The Apologist’s True Mission

Drew McCoy over at Genetically Modified Skeptic took a free Evangelical course about atheism, which turned out just to be a series of short videos by Greg Koukl repeating some of the same disinformation that we used to disseminate when I was an Evangelical Christian.

This is a video that I would so love to give to my fundamentalist family and friends, but I know that they would likely not even watch it. Drew succinctly corrects Koukl’s long-known errors and misrepresentations, criticisms that Koukl surely has known about for many years. Koukl, after all, is a professional. It’s his job to know. And Drew demonstrates how Koukl’s tactics are not likely to get you anywhere in speaking to an actual atheist or skeptic, how they will only make you look ignorant and obstinate, will only make your interlocutor stop taking you seriously. My guess is that Koukl knows this as well and that he simply doesn’t care.
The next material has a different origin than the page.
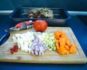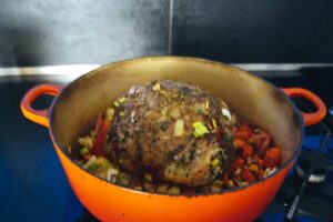 Etwas Olivenöl in einem Bräter erhitzen und die Lammkeule von allen Seiten kurz anbraten. Die Gemüsewürfel zum Lamm geben und alles kurz mit anrösten

Apologists say that they are defending the faith to skeptics. This course claims to teach Christians how to talk to atheists. But their audience is not really the skeptic or the atheist. Rather their audience is the true believer. Their mission is to further entrench the dogmatic beliefs of the trapped souls under their thumb.

That’s why they reiterate silly, debunked myths about atheists and atheism, because those strawmen are easy to knock down.

That’s why they argue over definitions, because they can’t win in an argument over substance.

That’s why they refuse to address the skeptic’s concerns, because they’re addressing a different concern, how to make themselves and their sheep feel better about their beliefs.

That’s why they make logically flawed arguments, because it’s easier for them to make up stories to justify their errors than to admit that they are wrong.

The apologist puts on the façade of a thoughtful, learned man. (And for some reason, they all seem to be men, not women, although I’m sure there’s an exception somewhere that proves the rule.) In reality, he values neither thought nor learning, but rather abuses them for three goals, in which lie his true expertise:

  1. Denial – The truth isn’t actually what it obviously is.
  2. Selection – The truth is out there, if we search hard enough for it.
  3. Repackaging – If we spin the truth fast enough, we can get it to mean whatever we want it to.

Two of these three, denial and selection, require that you ignore your opponents. If you were to actually acknowledge them, they would serve as a stark reminder of the inconvenient, disconfirming truth that you are so desperately trying to ignore. Only the third strategy, repackaging, allows you to acknowledge this disconfirming truth, but that’s only because you’re so perverting the truth that it no longer matters.

Any of these will make the true believer feel better about their beliefs, but none will persuade the critic. Like all self-justification, it makes you feel better about acting like an asshole, but it can’t make you less of one.

There’s a bigger lesson I think we all should take away from these displays of intellectual desecration, however: The apologist’s strategy works because their audience is made up of humans.

All of us are slaves to our own cognitive dissonance.

All of us are prone to self-justification.

Any of us can be susceptible to indoctrination and apologetics.

Ironically, acknowledging that you could be led astray makes you less likely to be so.